# Jaki sprzęt pod Gentoo

## DaVidon

Witam.

Chcę kupić dobrej jakości komputer z możliwością wgrania na niego Gentoo.

Jest może jakaś strona gdzie znajdę spis kompatybilnego sprzętu z tym systemem operacyjnym?

----------

## Pryka

Gentoo jak każdy inny Linux wspiera ten sam rodzaj sprzętu czyli praktycznie wszystko.

Jest kilka stron w Internecie na których ludzie zamieszczają wpisy ze sprzętem i oceną jak działa i czy w ogóle działa pod Linuksem.

----------

## Ajgor

Zaglądnij sobie tu jest spora baza wiedzy na temat sprzętu 

http://kernel-seeds.org/working.html

----------

## DaVidon

Dzięki za linka, może w końcu uda mi się zrobić samodzielnie poprawnego kernela  :Wink: 

----------

## Pryka

 *DaVidon wrote:*   

> Dzięki za linka, może w końcu uda mi się zrobić samodzielnie poprawnego kernela 

 

Wbrew pozorom to jest łatwiejsze niż Ci się wydaje. 

Polecam jeszcze http://kernelnewbies.org/ w prawdzie strona po angielsku ale przystępnie wszystko opisane.

----------

## DaVidon

Na 100 % się  przyda. Szukam dokładnie sprzętu, na którym można będzie (przy zainstalowanym Linuxie i Wine) grać w nowe gry.

----------

## Pryka

 *DaVidon wrote:*   

> Na 100 % się  przyda. Szukam dokładnie sprzętu, na którym można będzie (przy zainstalowanym Linuxie i Wine) grać w nowe gry.

 

Darowałbym sobie, choć Wine niby odpala nowe gry, ale często i gęsto długo po premierze a i tak z masą glitchy. Na dodatek jak gra ma jakieś bardziej skomplikowane zabezpieczenie to już całkiem możesz zapomnieć o graniu w legalny sposób.

Ja specjalnie dla gier trzymam Windowsa inne rozwiązanie mnie nie ma dla mnie sensu, a przynajmniej w przypadku nowych tytułów.

----------

## sebas86

 *Pryka wrote:*   

> Wbrew pozorom to jest łatwiejsze niż Ci się wydaje.

  Do pewnego stopnia.

Ale jeśli będziesz unikał najnowszych wynalazków w stylu Nvidia Optimus, itd. itp. to praktycznie każdy sprzęt będzie Ci działał bez większych problemów.
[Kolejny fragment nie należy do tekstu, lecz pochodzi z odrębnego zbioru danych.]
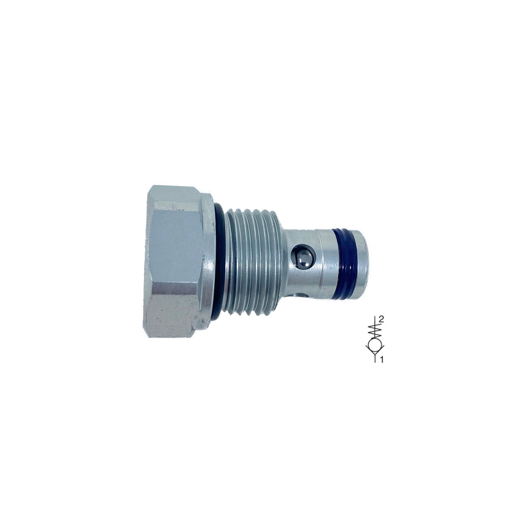 The Argo-Hytos SC1F-A2 cartridge-style check valve can be used as a blocking or load-holding device. The cartridge has a ball check which is closed by a spring until sufficient pressure is applied at Port 1 to open flow to Port 2.
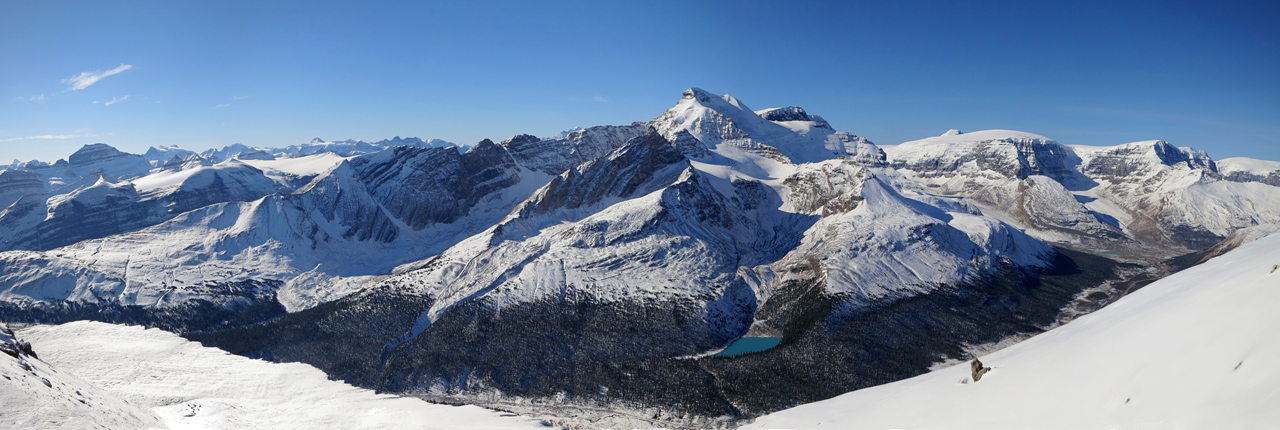 There are many amazing views in the Canadian Rockies that are simply too vast to capture within a single photograph. Thanks to the continuing advacements in image post-processing software it's becoming increasingly possible, if not easy, to combine a series of panning photographs into a single, seamless panoramic image. While these composite shots don’t always work, the results can be spectacular when they do.
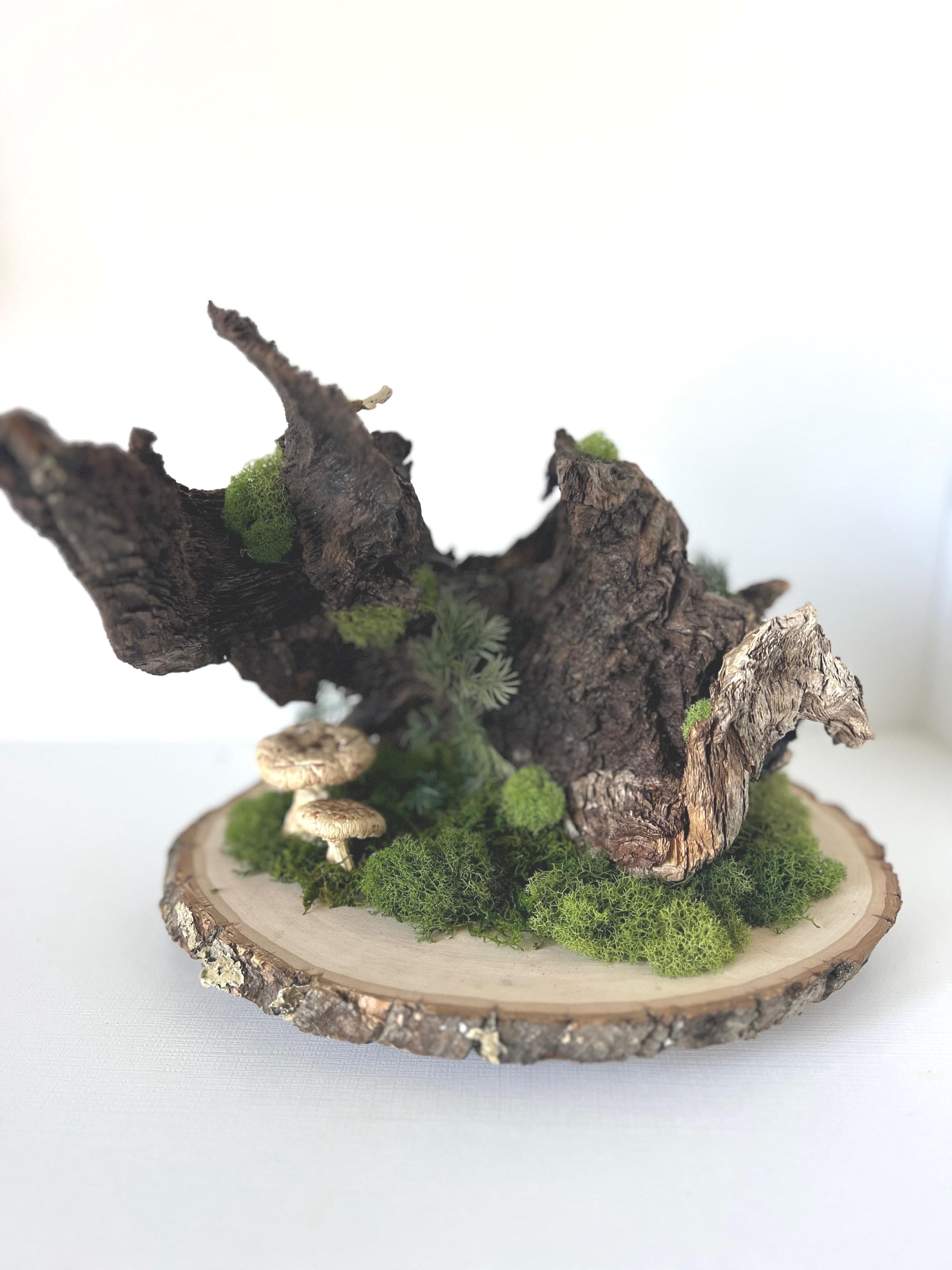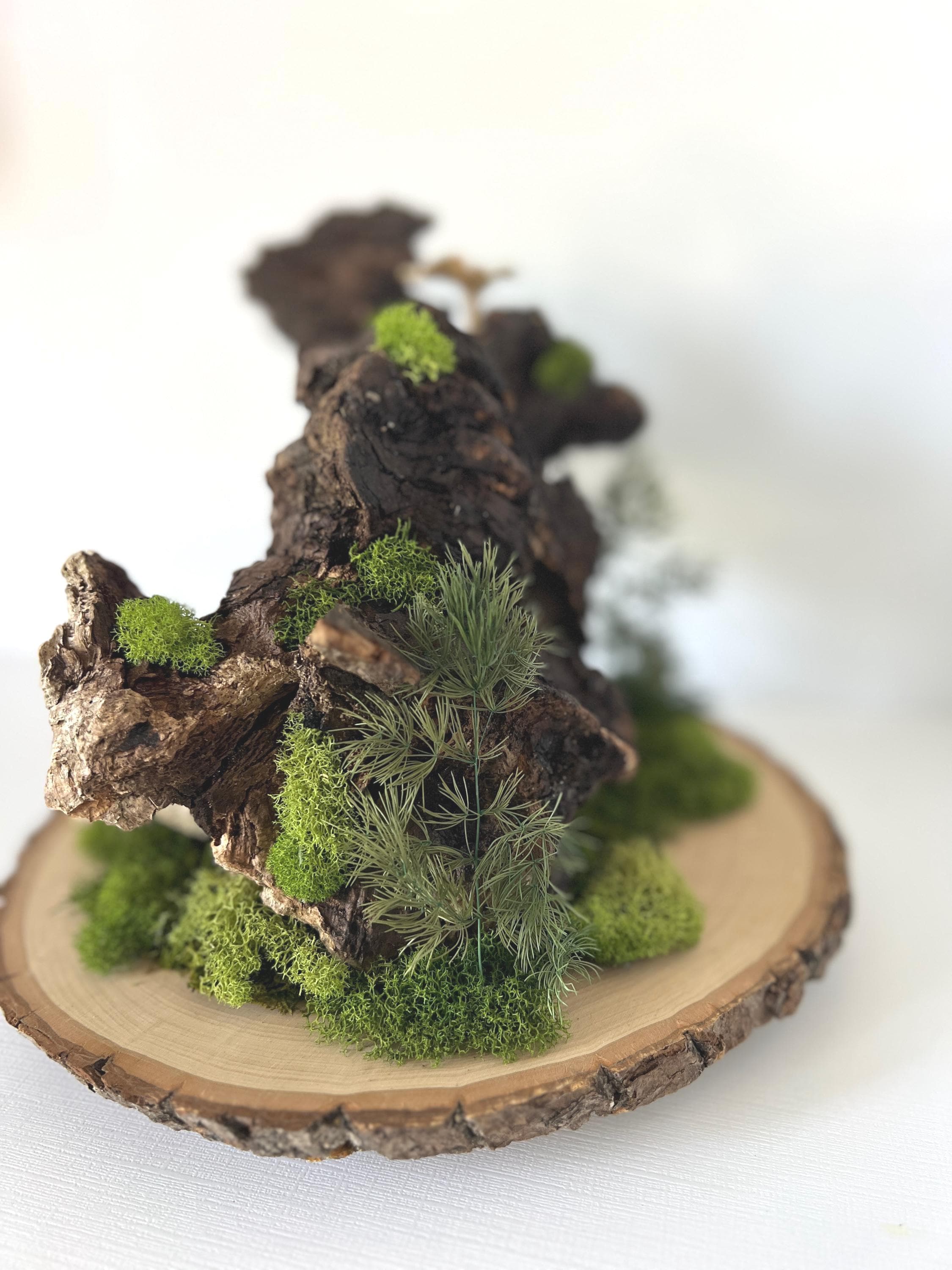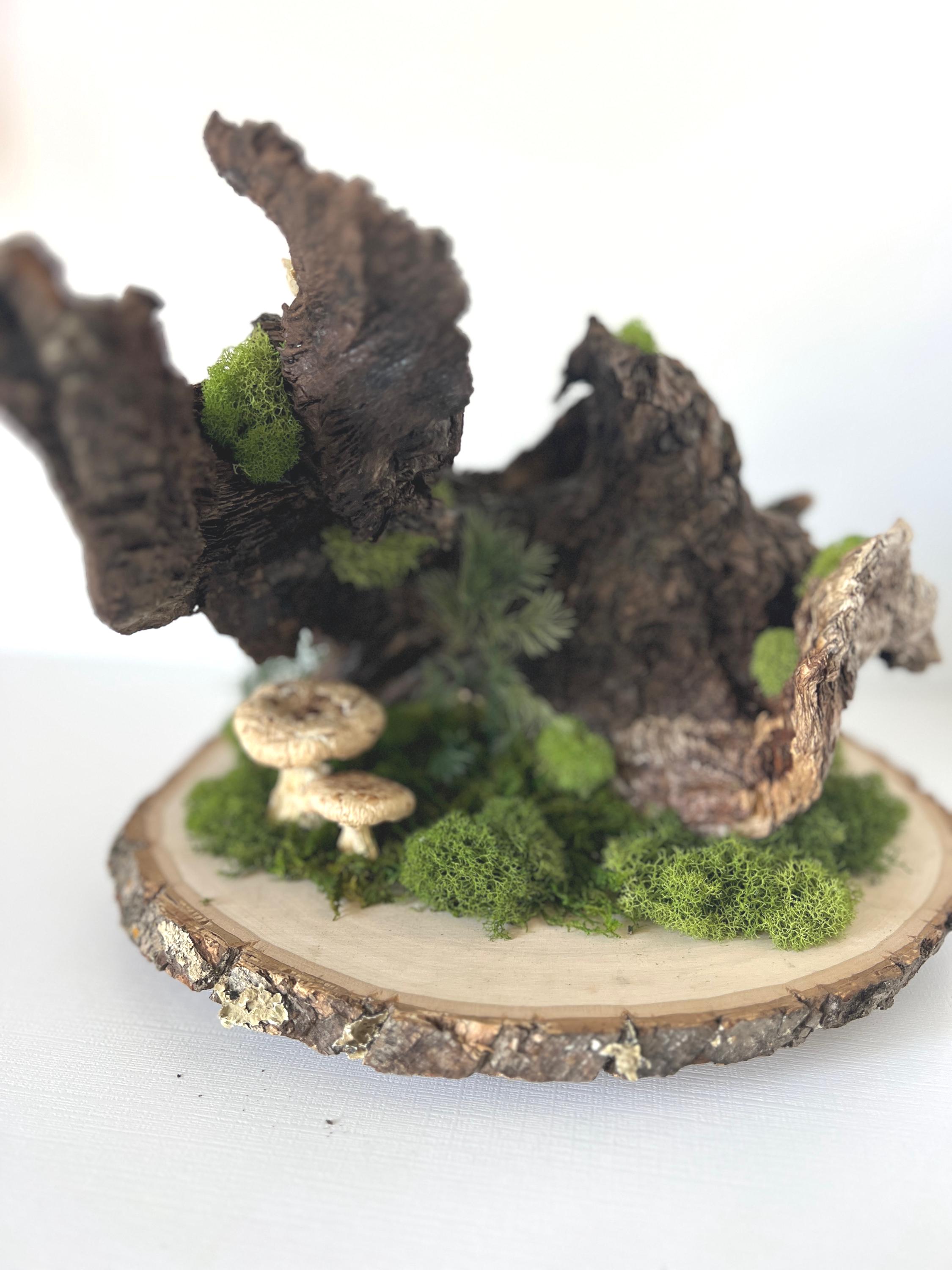 The knotty, aged piece of wood sets the backdrop for this woodland scene. Hand-painted mushrooms, dried preserved mosses, acorns, dried fern seeds and even a tiny snail, all come together for a large, eye-catching centerpiece.
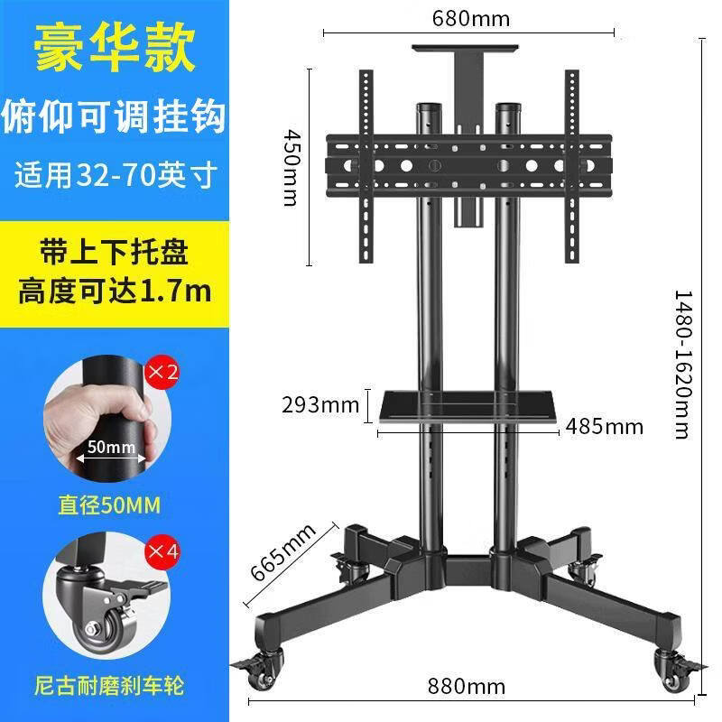 双幼电视机移动支架通用可升降带轮推车壁挂屏幕旋转电动直播落地立式 基础款【30-75英寸】承重210斤 双置物盘
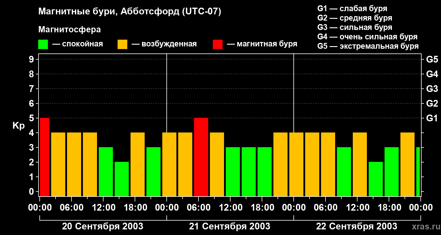 Магнитные бури в Абботсфорде 22 сентября 2003 года
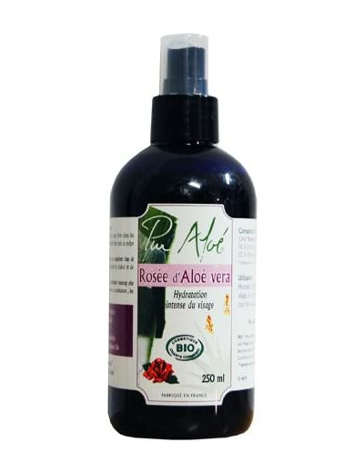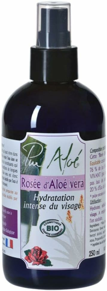 98,9% du total des ingrédients de la Rosée d'Aloé sont d'origine naturelle. Elle est composée à 76% de jus d'Aloé vera Bio natif, sans poudre et en Commerce Équitable, et de 20% d'eau de rose Bio. 96% du total des ingrédients sont issus de l'agriculture Biologique, soit 4,9 fois plus que les 20% minimum demandés par la cosmétique Bio ! Flacon pompe de 250ml.

Generalnie jednak warto się rozejrzeć za czymś co komuś działało i działało stabilnie, żeby się nie okazało, że kupisz naprawdę dobry sprzęt a problemem będzie sterownik, który jest w bardzo wczesnej fazie rozwoju lub kupisz komputer z ficzerami, których nigdy nie będziesz mógł wykorzystać pod Linuksem.

Co do gier, warto mieć mocną maszynę bo jest kilka wymagających tytułów. Takie Trine w HD zaścierwia nawet nowe karty graficzne o przyzwoitej wydajności.

PS. Wgrać to sobie można Windows, Gentoo trzeba zbudować.  :Razz: 

----------

## Pryka

 *sebas86 wrote:*   

> 
> 
> Co do gier, warto mieć mocną maszynę bo jest kilka wymagających tytułów. Takie Trine w HD zaścierwia nawet nowe karty graficzne o przyzwoitej wydajności.

 

Trine to i tak pikuś  :Very Happy: 

 *sebas86 wrote:*   

> Do pewnego stopnia.
> 
> Ale jeśli będziesz unikał najnowszych wynalazków w stylu Nvidia Optimus, itd. itp. to praktycznie każdy sprzęt będzie Ci działał bez większych problemów. Generalnie jednak warto się rozejrzeć za czymś co komuś działało i działało stabilnie, żeby się nie okazało, że kupisz naprawdę dobry sprzęt a problemem będzie sterownik, który jest w bardzo wczesnej fazie rozwoju lub kupisz komputer z ficzerami, których nigdy nie będziesz mógł wykorzystać pod Linuksem. 

 

Zgadza się, z drugiej strony jak przez to miałbym specjalnie kupować sprzęt starszy to bym się mocno zastanawiał gdzie jest tego sens w ogóle. I jednak wolałbym osobiście kupić coś nowego zainstalować Windowsa a na Gentoo czekać jeśli w danej chwili nie dałoby się z niego normalnie korzystać.  :Very Happy:  Ale znając życie nie działały by jakieś duperele, albo karta sieciowa  :Razz: 

----------